Of the lines in the material below, print only those from the one containing "#대구남구가족센터 #온가족보듬사업 #1인가구사회적관계망형성지원사업" to the one containing "Allir stálhlutar eru", ends included, exactly as written and without pictures.
________________________________________
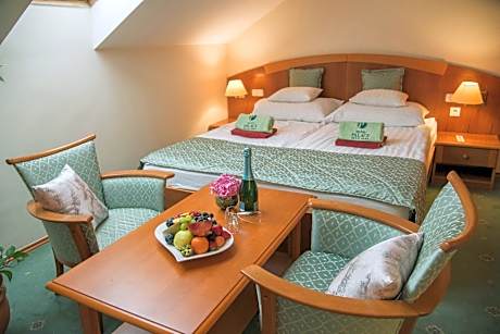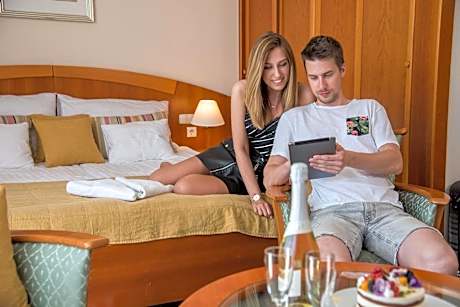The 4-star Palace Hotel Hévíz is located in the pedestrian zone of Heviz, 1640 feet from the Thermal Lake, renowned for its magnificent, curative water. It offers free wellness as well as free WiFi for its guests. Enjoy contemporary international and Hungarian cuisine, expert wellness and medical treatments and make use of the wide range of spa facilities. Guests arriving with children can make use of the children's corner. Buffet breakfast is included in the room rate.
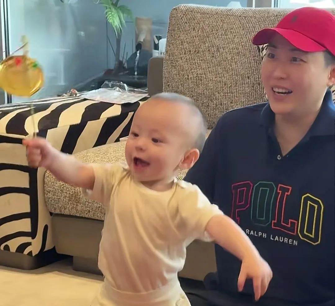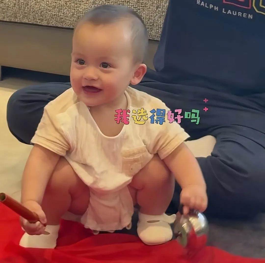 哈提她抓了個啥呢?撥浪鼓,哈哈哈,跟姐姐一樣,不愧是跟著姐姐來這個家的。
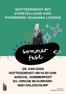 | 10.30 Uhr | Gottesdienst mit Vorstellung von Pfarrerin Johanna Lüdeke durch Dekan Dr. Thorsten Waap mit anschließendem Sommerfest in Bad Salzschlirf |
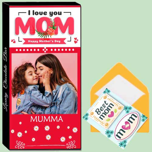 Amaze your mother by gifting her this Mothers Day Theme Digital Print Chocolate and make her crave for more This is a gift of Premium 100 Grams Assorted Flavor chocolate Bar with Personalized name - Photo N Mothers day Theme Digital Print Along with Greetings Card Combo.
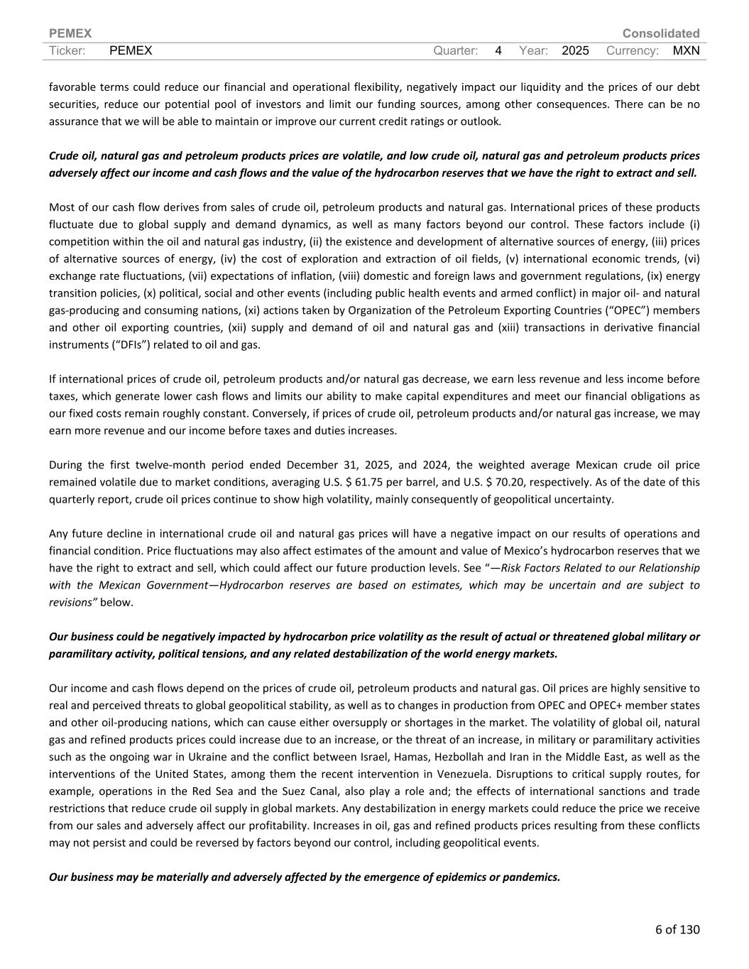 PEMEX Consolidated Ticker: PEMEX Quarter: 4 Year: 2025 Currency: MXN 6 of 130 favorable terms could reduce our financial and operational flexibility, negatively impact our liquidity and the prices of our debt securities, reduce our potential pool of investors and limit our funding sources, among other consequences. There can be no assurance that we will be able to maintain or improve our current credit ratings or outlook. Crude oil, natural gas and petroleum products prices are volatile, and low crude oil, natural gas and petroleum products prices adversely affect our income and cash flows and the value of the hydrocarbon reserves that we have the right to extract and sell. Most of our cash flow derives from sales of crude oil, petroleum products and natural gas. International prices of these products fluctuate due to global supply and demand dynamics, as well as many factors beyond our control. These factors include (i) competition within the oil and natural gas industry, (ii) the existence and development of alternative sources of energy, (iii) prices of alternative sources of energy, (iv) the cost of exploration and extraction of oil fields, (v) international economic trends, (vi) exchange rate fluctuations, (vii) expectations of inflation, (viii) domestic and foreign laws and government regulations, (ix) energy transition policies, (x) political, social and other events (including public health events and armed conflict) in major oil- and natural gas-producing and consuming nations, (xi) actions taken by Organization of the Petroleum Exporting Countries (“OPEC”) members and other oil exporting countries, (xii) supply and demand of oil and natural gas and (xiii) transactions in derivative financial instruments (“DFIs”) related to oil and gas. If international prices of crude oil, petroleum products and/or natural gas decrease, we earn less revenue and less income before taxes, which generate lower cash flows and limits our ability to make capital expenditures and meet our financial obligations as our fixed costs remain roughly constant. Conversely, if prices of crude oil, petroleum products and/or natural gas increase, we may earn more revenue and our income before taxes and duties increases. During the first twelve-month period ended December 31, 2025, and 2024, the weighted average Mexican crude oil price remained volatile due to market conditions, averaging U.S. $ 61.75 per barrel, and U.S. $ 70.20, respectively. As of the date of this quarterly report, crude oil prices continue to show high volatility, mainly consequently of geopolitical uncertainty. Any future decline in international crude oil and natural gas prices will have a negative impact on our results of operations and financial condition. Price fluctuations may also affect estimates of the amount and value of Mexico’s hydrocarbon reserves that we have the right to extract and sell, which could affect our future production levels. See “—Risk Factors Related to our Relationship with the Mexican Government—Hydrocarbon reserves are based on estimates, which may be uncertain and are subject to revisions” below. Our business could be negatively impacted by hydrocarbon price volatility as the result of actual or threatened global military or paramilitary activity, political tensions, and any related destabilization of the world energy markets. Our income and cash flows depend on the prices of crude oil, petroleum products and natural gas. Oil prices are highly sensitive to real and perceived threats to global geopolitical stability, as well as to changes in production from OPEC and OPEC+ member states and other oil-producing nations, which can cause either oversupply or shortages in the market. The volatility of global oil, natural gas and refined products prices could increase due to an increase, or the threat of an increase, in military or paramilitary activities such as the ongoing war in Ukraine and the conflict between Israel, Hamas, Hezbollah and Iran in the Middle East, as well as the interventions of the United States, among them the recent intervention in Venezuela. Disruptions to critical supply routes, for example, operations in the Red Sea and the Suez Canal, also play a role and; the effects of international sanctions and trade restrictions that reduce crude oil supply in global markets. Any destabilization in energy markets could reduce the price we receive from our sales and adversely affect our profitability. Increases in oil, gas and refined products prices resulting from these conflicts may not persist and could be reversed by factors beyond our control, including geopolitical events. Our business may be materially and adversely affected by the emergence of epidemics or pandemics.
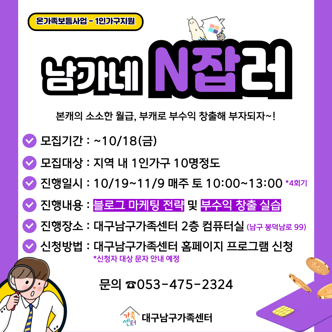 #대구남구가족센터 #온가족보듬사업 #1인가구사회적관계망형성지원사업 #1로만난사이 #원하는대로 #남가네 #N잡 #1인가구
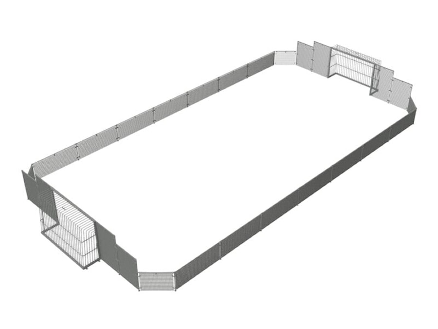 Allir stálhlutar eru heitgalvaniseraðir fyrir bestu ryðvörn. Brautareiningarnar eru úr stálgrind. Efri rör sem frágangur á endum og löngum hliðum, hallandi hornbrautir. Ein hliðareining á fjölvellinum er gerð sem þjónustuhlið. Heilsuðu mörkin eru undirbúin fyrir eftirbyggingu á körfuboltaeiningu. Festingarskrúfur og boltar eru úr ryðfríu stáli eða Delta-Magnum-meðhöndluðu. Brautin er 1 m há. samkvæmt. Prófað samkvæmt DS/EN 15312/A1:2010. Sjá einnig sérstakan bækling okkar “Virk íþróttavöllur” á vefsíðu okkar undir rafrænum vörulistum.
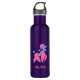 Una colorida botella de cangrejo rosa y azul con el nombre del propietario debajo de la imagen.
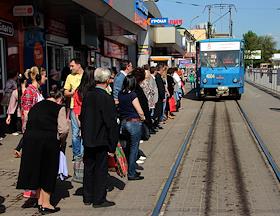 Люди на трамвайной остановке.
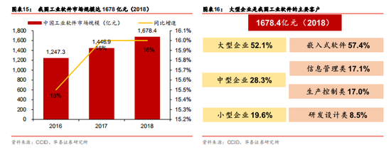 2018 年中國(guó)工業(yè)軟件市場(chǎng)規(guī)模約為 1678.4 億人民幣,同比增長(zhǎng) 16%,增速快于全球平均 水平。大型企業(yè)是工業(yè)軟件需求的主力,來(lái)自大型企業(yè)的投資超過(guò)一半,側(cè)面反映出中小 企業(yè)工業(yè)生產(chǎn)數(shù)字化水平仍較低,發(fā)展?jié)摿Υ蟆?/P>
________________________________________
◆ SOLUTION FOR THIS PROBLEM
 #대구남구가족센터 #온가족보듬사업 #1인가구사회적관계망형성지원사업 #1로만난사이 #원하는대로 #남가네 #N잡 #1인가구
 Allir stálhlutar eru heitgalvaniseraðir fyrir bestu ryðvörn. Brautareiningarnar eru úr stálgrind. Efri rör sem frágangur á endum og löngum hliðum, hallandi hornbrautir. Ein hliðareining á fjölvellinum er gerð sem þjónustuhlið. Heilsuðu mörkin eru undirbúin fyrir eftirbyggingu á körfuboltaeiningu. Festingarskrúfur og boltar eru úr ryðfríu stáli eða Delta-Magnum-meðhöndluðu. Brautin er 1 m há. samkvæmt. Prófað samkvæmt DS/EN 15312/A1:2010. Sjá einnig sérstakan bækling okkar “Virk íþróttavöllur” á vefsíðu okkar undir rafrænum vörulistum.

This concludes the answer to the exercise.